**DESCRIPTION OF THE TASK:** Could you set down every entry exactly as it stands, without the images?

--- THE RECORDS ---

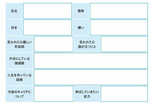 「取り扱い説明書」とは、「言われたら嬉しい形容詞」「大切にしている価値観」「言われたら腹が立つこと」「今後のキャリアについて」「伸ばしていきたい能力」などを書いてもらい、共有することで、お互いの理解を深めるツールです。
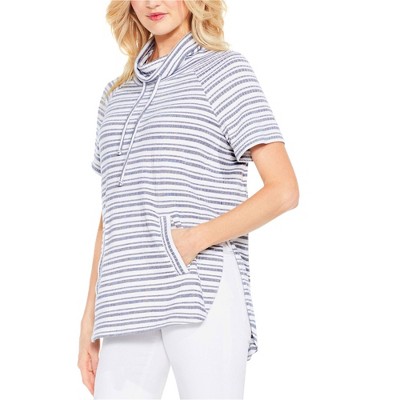 da-sh Women's Cotton Double Gauze Short Sleeve Top Chambray Blue Stripe
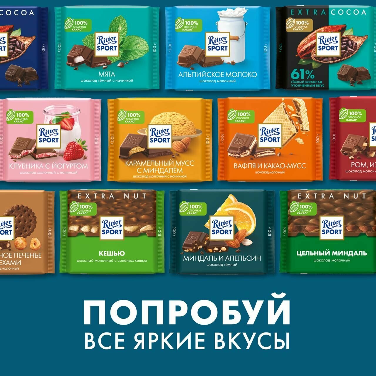 Шоколад темный Ritter Sport Миндаль и Апельсин, 100 г, 12 штук интересное:
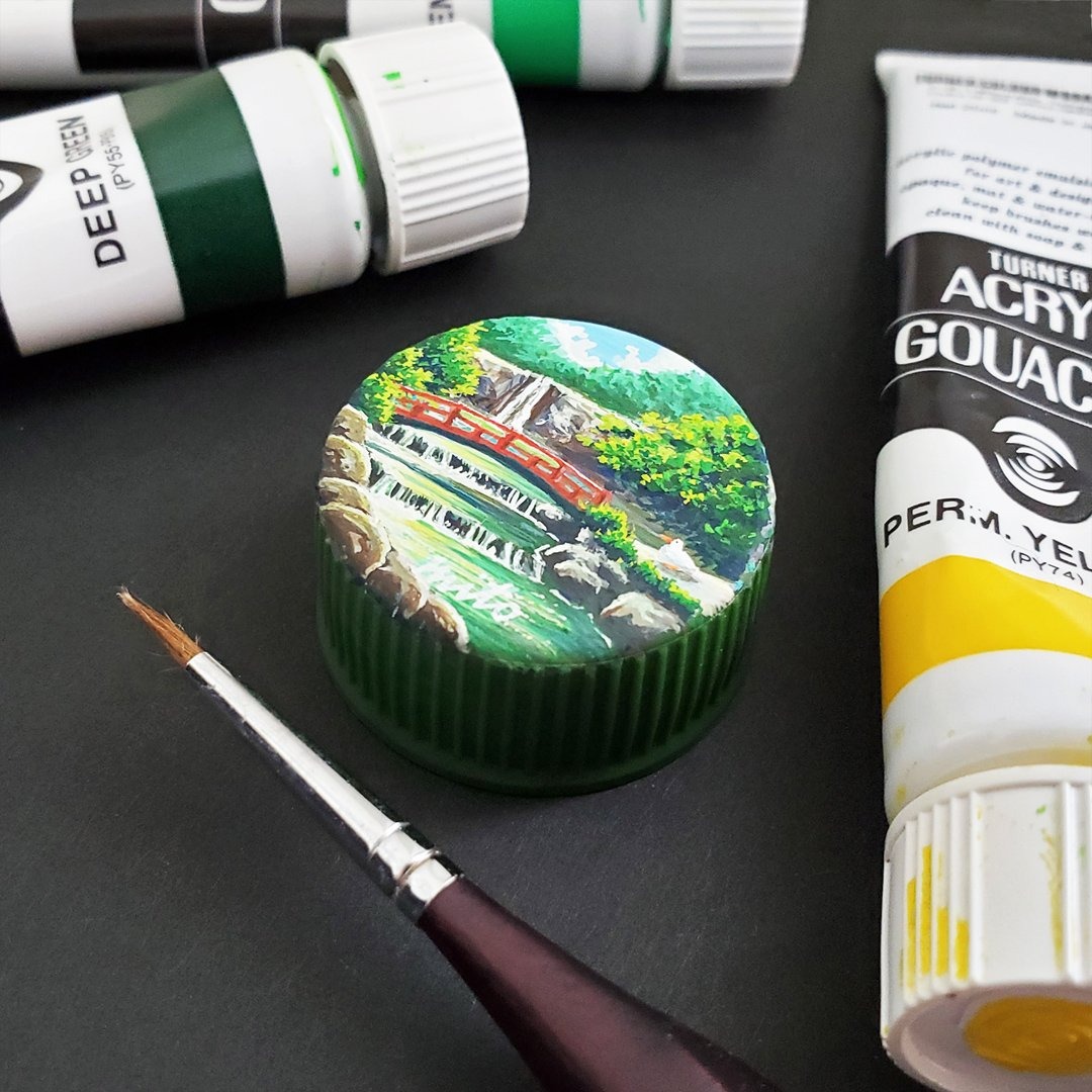 垃圾變絕美收藏品❤️她把「小小瓶蓋當畫布」繪出風景畫 一出手「黑色蓋子→星空下神社」絕美無比
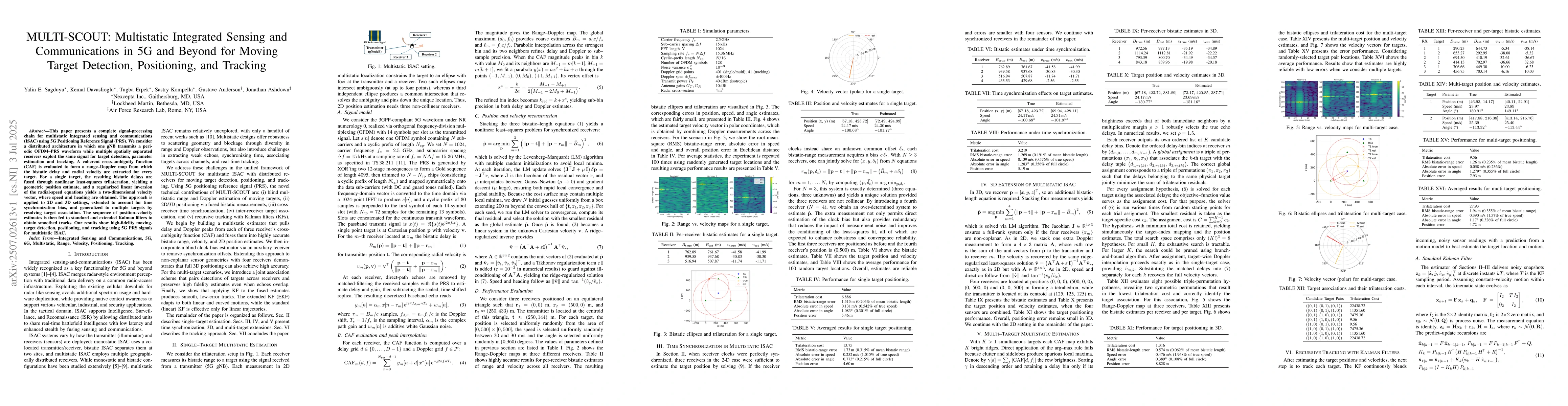 This paper introduces a method using 5G PRS signals for multistatic integrated sensing and communications (ISAC), enabling high-accuracy moving target detection, positioning, and tracking. The approach involves creating range-Doppler maps from coherent cross-ambiguity functions, fusing data for precise position and velocity estimation, and applying Kalman filters for smoother tracks.

---

**YOUR SOLUTION:**
 「取り扱い説明書」とは、「言われたら嬉しい形容詞」「大切にしている価値観」「言われたら腹が立つこと」「今後のキャリアについて」「伸ばしていきたい能力」などを書いてもらい、共有することで、お互いの理解を深めるツールです。
 da-sh Women's Cotton Double Gauze Short Sleeve Top Chambray Blue Stripe
 Шоколад темный Ritter Sport Миндаль и Апельсин, 100 г, 12 штук интересное:
 垃圾變絕美收藏品❤️她把「小小瓶蓋當畫布」繪出風景畫 一出手「黑色蓋子→星空下神社」絕美無比
 This paper introduces a method using 5G PRS signals for multistatic integrated sensing and communications (ISAC), enabling high-accuracy moving target detection, positioning, and tracking. The approach involves creating range-Doppler maps from coherent cross-ambiguity functions, fusing data for precise position and velocity estimation, and applying Kalman filters for smoother tracks.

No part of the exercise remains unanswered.